At the end of the reign of the longest-serving British monarch, let us hope that the advent of a new figure, who will undoubtedly bring new ideas into the world of British royalty, will portend good news for his realms and territories in general and for the Jews of the British Isles in particular.

LAURENCE BECKER

Jerusalem

Free exercise of religion

US Supreme Court requires YU to allow LGBT student club” (September 16) is misleading and did not report the key statement of the four justices who support Yeshiva University. They indicated that this order to return to the NY state court for further review was routine and that if the NY state court does not reverse the current decision, the Supreme Court would take the case and probably reverse it.

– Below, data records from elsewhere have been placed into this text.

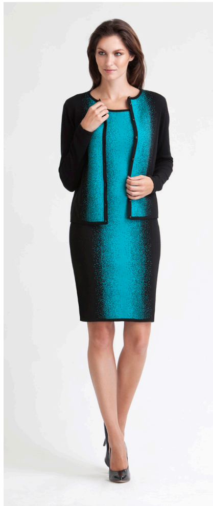
Кардиган: 1520,- Платье: 1690,-

ПЛАТЬЕ: 314-W005-DR1 Состав: 100% шелк Цвета: бирюзовый, фиолетовый Размер: XS, S, M, L, XL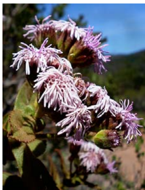
53 Semiria sp. nov.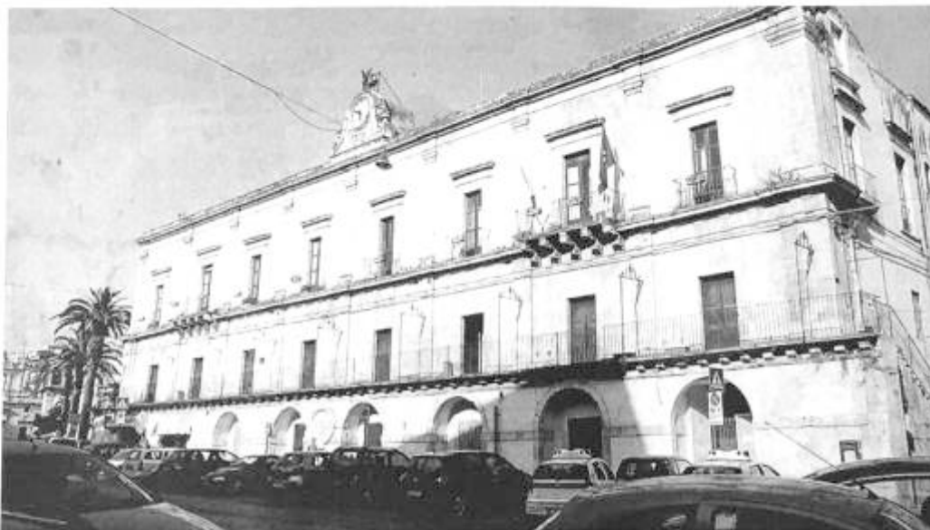
Uno scorcio di Palazzo San Domenico, sede del Comune di Modica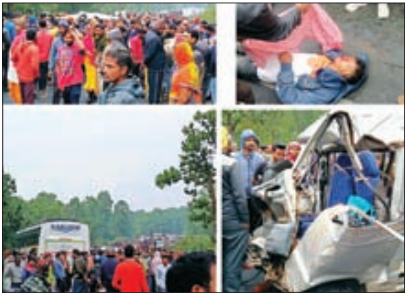
करीब 9 की है। प्राप्त जानकारी के मुताबिक मारुति वैन स्कूली

हजारीबाग : हजारीबाग जिले के कटकमसांडी थाना क्षेत्र कटकमसांडी छात्र मार्ग पर जमुनिया सोती के पास स्कूली मारुति वैन एवं यात्री बस के बीच आमने-सामने की टक्कर हुई घटना शुक्रवार की सुबह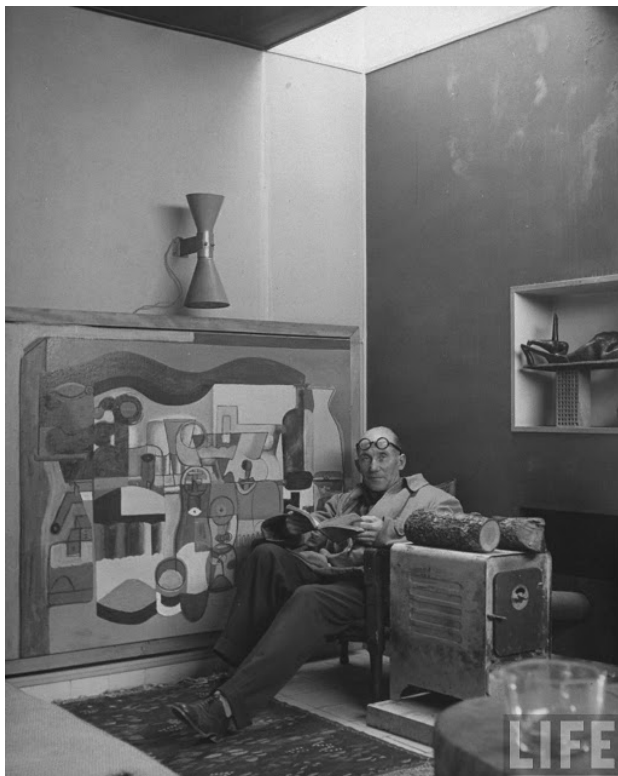
Le Corbusier - foto Nina Leen, 1946 - LIFE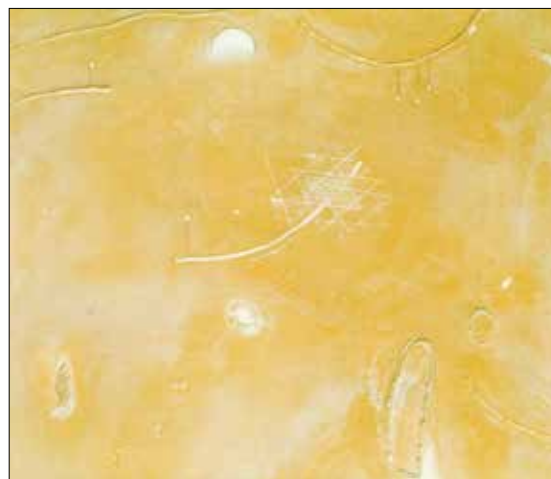
Рис. 4. Мантра. 2000. П., о.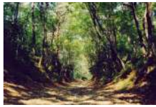
20 絹の道 (浜街道)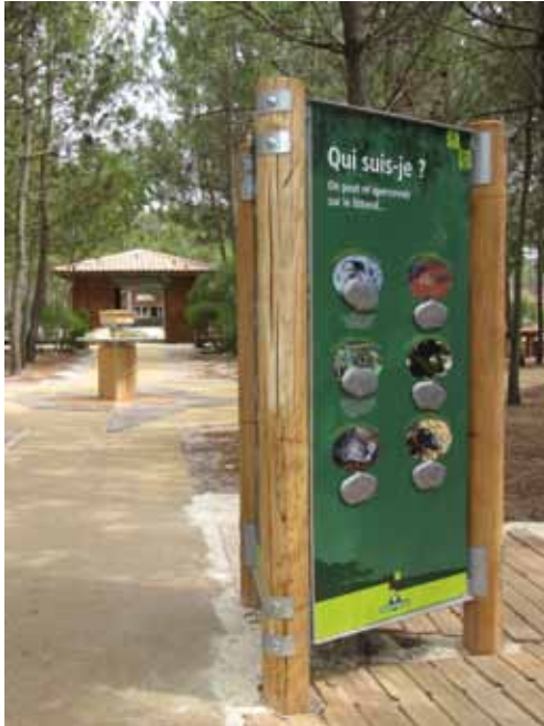
Plage du Petit Nice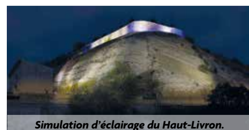
Simulation d'éclairage du Haut-Livron.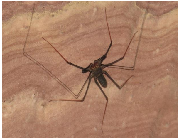
Figura 10 – Amblipígeo na parede no interior da caverna Pedra da Cachoeira.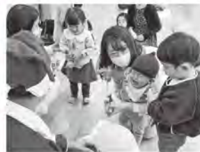
◀「クリスマス会」の様子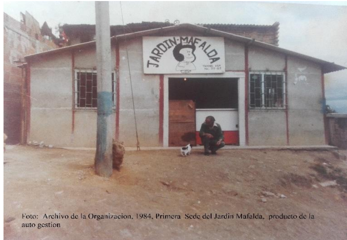
Foto: Archivo de la Organización, 1984. Primera Sede del Jardín Mafalda, producto de la auto gestión

La organización social de base sin ánimo de lucro “ Centro Infantil y Juvenil para el Desarrollo Comunitario ” CINJUDESCO - ASOVEG con Personería J. N° 703 del 12 de dic. Del Min. Justicia, Registro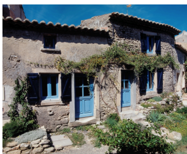
Élévation principale de maisons accolées (A3 537).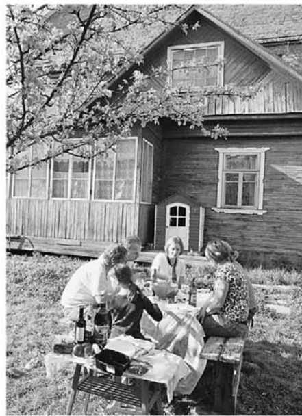
Дача для многих — постоянное место жительства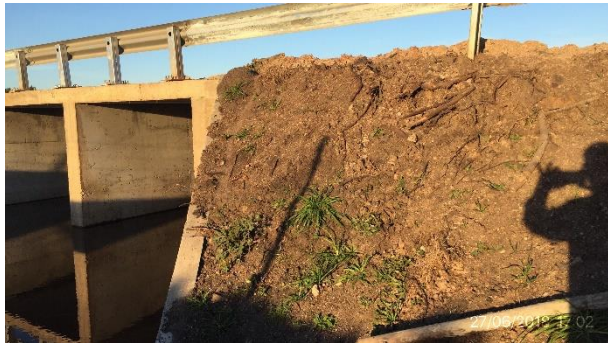
Ilustración 6 – Frente de obra – cabezal de alcantarilla H en Ruta 7 progresiva 41K000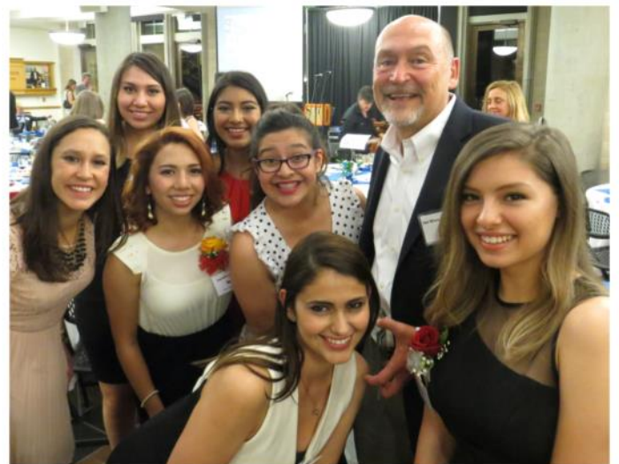
Las imágenes son mejor que las palabras, porque los colores de nuestra diversidad son el color de un gran país llamado hogar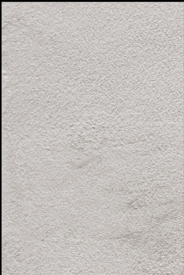
В ПОЛДЕНЬ НА МАНХЕТТЕНЕ + V159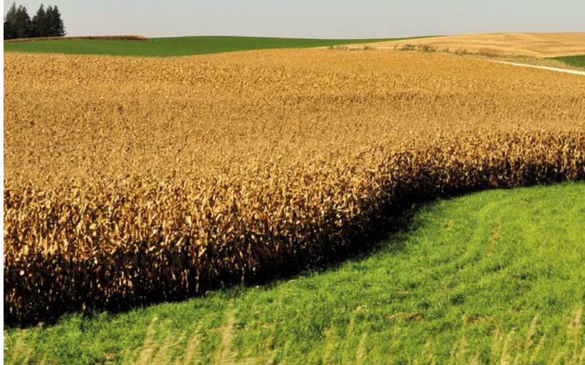
Pola kukurydzy

rolniczymi i wielkimi ośrodkami przemysłowymi, takimi jak Chicago, Detroit czy Minneapolis. Bezkrzesne pola uprawne między korytami rzek Ohio i Missouri graniczą z obszarem, który można określić mianem pasa mlecznego , rozciągającego się wzdłuż Wielkich Jezior, od Wisconsin (największy wytwórca sera w kraju i drugi pod względem produkcji mleka) po Nową Anglię. Region pełni też funkcję ważnego ośrodka hodowli bydła, choć ubojnie, z których słynęło m.in. Chicago, przeniesiono już gdzie indziej. W Minnesocie prym wiódł niegdyś przemysł (na początku XX w. miasto dzierżyło palmę pierwszeństwa w dziedzinie produkcji mąki), jednak obecnie stawia na rozwój najnowszych technologii i sektora usług (medycyna, handel), choć wciąż pozostaje kluczowym producentem kukurydzy i soi. W Regionie Wielkich Jezior, żyznym i bogatym w zasoby naturalne, rozwinęła się działalność handlowa, rolnicza i przemysłowa dzięki szlakom żeglugi rzecznej. Chicago jest jednym z najważniejszych ośrodków handlu zbożem na świecie (prężnie działająca branża rolno-spożywcza) i drugim pod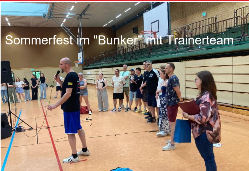
Sommerfest im "Bunker" mit Trainerteam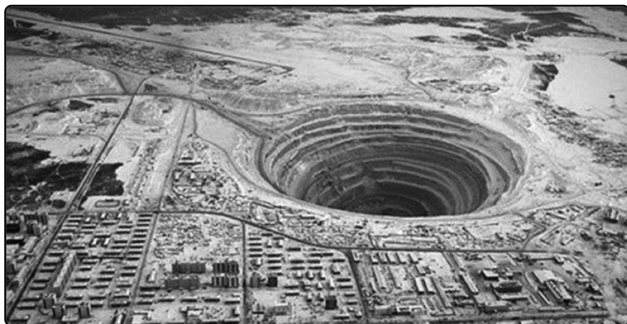
Celkový pohled na sibiřský kolský vrt jasně odhaluje, o jak monumentální akci se jednalo a na jak vysoké úrovni musela být zajištěna infrastruktura.

Jenomže co je nevysvětlitelné či záhadné? Existuje vůbec něco, co můžeme tímto slovem označit? Nebo je nevysvětlitelné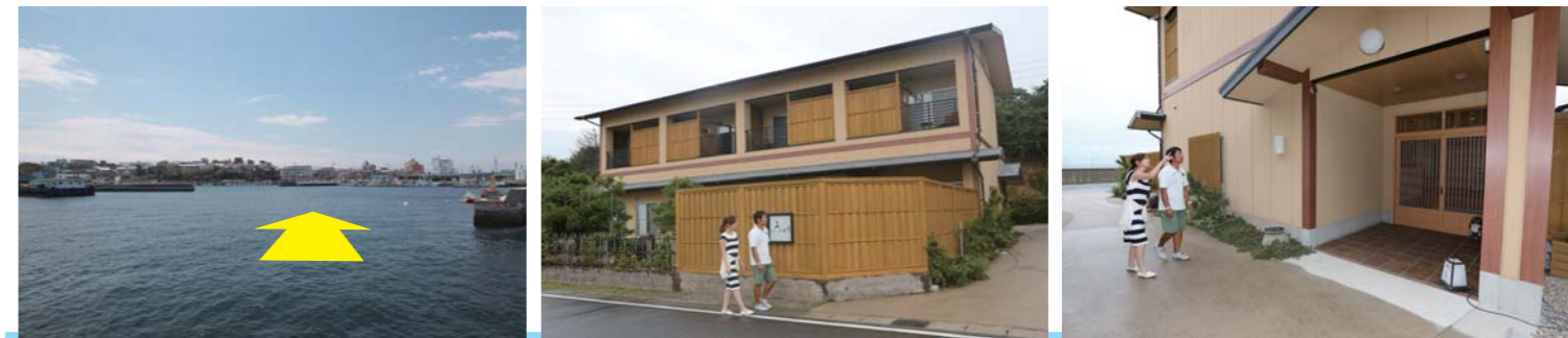
※必ず御自身で海図、GPS、魚探、天気予報等をご確認の上、安全に十分注意してお出かけ下さい。トラブル等発生致しましても当社及び登場する各関連会社、お店は一切責任を負いません。

“The First Amendment guarantees the right to the free exercise of religion, and if that provision means anything, it prohibits a state from enforcing its own preferred interpretation of Holy Scripture,” said the dissent, written by Justice Samuel A. Alito Jr. and joined by Justices Clarence Thomas, Neil M. Gorsuch and Amy Coney Barrett, “yet that is exactly what New York has done in this case, and it is disappointing that a majority of this Court refuses to provide relief.”

Alito said the four are likely to grant the case if the university is unsuccessful in New York state appeals court and “Yeshiva would likely win if its case came before us.”